— Aim of the task —
Search the listing below for "little". Copy each matching line.

— Exercise material —
★ ★ ★ ★
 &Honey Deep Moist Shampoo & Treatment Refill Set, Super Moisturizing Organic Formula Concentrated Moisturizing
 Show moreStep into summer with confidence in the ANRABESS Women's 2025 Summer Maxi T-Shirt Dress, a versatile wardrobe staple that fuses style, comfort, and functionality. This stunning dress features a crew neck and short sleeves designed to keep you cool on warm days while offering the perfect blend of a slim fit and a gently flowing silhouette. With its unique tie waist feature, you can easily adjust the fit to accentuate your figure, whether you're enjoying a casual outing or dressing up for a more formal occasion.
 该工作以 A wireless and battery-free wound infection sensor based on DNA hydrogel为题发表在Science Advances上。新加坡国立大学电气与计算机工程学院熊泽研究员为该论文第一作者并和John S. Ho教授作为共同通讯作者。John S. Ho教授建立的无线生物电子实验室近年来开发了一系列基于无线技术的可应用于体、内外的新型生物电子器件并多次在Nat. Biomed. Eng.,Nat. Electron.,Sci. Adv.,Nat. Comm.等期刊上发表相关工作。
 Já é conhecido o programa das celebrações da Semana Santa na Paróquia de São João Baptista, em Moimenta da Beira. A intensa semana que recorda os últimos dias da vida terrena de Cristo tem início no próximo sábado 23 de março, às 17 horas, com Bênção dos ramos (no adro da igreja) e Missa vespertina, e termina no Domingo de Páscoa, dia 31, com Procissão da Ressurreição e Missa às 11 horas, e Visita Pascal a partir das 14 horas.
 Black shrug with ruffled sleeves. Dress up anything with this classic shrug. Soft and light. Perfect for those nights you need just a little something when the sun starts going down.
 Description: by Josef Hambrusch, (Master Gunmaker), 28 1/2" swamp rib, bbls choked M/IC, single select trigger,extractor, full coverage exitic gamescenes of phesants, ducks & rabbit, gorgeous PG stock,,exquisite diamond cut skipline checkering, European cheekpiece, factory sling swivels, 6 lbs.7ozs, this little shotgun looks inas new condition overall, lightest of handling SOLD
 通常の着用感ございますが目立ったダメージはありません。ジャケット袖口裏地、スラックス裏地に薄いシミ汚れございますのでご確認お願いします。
★ ★ ★ ★
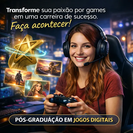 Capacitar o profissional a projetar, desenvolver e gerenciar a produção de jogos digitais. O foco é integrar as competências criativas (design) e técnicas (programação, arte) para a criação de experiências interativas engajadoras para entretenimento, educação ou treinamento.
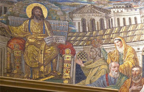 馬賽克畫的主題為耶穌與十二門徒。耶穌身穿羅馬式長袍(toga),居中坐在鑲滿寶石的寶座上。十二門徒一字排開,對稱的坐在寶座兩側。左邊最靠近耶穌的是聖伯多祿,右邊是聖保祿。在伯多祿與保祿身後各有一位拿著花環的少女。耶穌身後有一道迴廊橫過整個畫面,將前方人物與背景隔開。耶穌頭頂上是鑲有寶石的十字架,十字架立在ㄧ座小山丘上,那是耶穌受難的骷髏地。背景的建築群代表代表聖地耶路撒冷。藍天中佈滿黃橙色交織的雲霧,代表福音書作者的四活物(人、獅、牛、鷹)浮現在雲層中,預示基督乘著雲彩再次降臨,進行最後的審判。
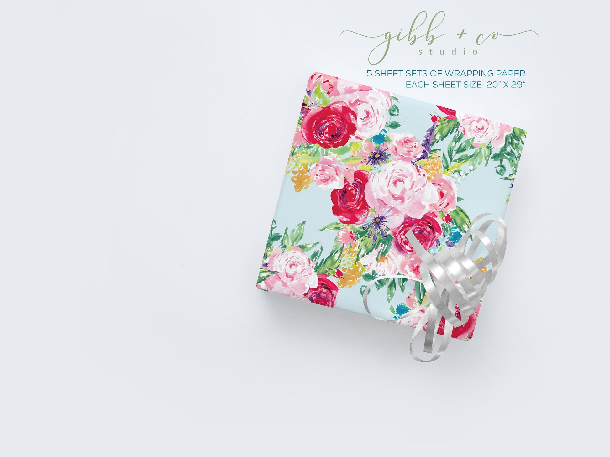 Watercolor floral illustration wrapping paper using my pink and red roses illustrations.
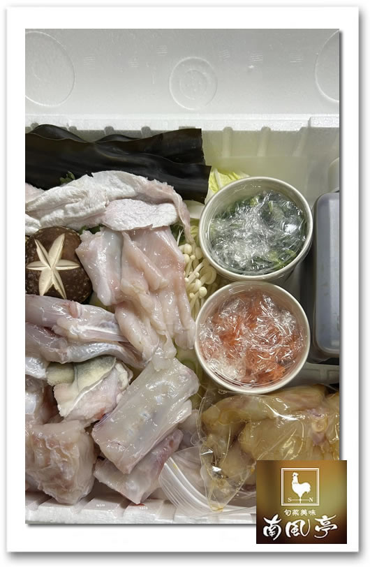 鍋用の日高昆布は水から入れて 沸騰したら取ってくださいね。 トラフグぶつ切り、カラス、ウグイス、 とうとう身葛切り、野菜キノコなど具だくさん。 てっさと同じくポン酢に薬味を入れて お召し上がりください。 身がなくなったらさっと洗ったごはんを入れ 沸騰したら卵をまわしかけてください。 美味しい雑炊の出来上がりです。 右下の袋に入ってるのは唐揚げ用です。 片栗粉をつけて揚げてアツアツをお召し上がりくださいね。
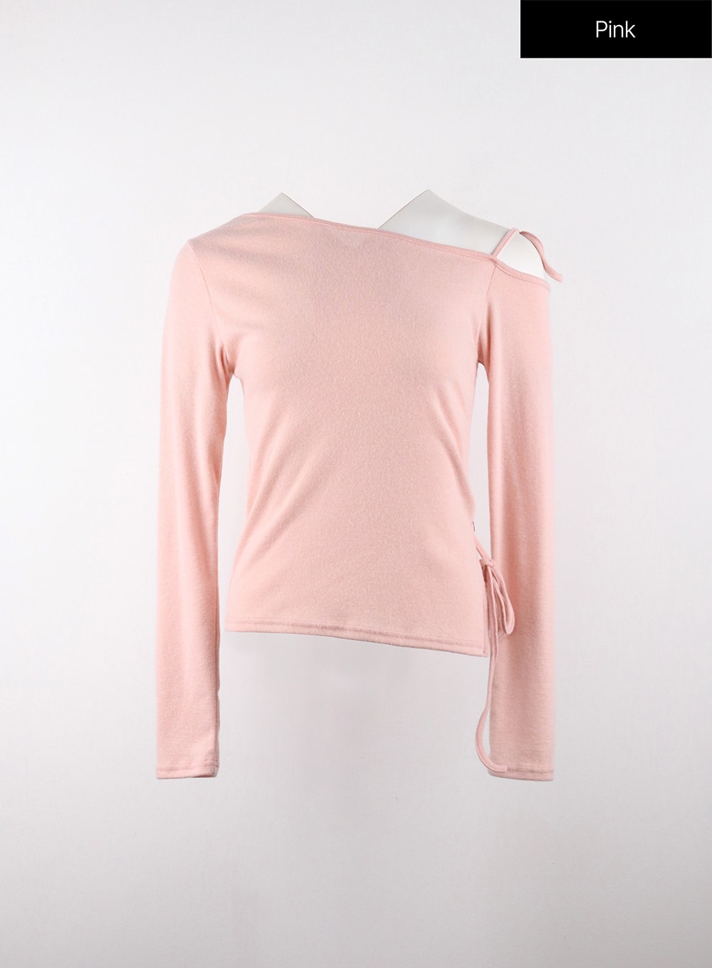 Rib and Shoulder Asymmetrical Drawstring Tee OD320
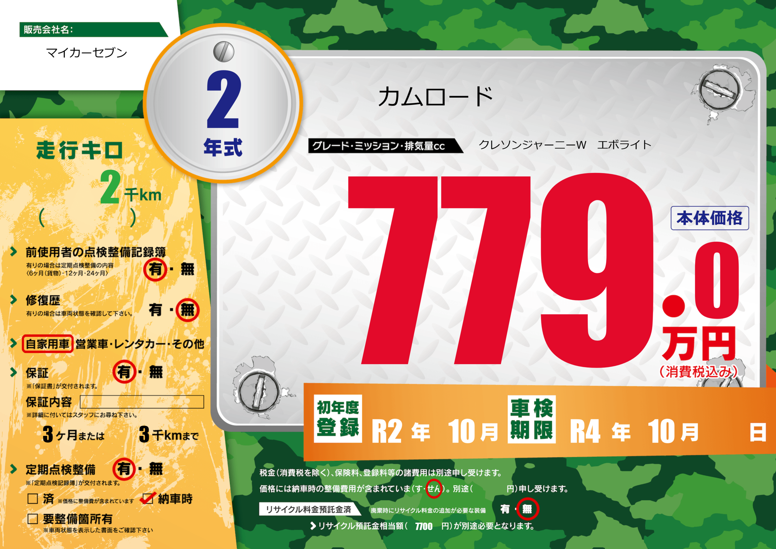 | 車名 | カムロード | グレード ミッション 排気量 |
★ ★ ★ ★
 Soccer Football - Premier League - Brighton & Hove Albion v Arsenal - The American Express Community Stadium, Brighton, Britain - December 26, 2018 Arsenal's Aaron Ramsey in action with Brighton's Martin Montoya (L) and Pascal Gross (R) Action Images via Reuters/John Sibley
★ ★ ★ ★
— Solution for this problem —
 Black shrug with ruffled sleeves. Dress up anything with this classic shrug. Soft and light. Perfect for those nights you need just a little something when the sun starts going down.
 Description: by Josef Hambrusch, (Master Gunmaker), 28 1/2" swamp rib, bbls choked M/IC, single select trigger,extractor, full coverage exitic gamescenes of phesants, ducks & rabbit, gorgeous PG stock,,exquisite diamond cut skipline checkering, European cheekpiece, factory sling swivels, 6 lbs.7ozs, this little shotgun looks inas new condition overall, lightest of handling SOLD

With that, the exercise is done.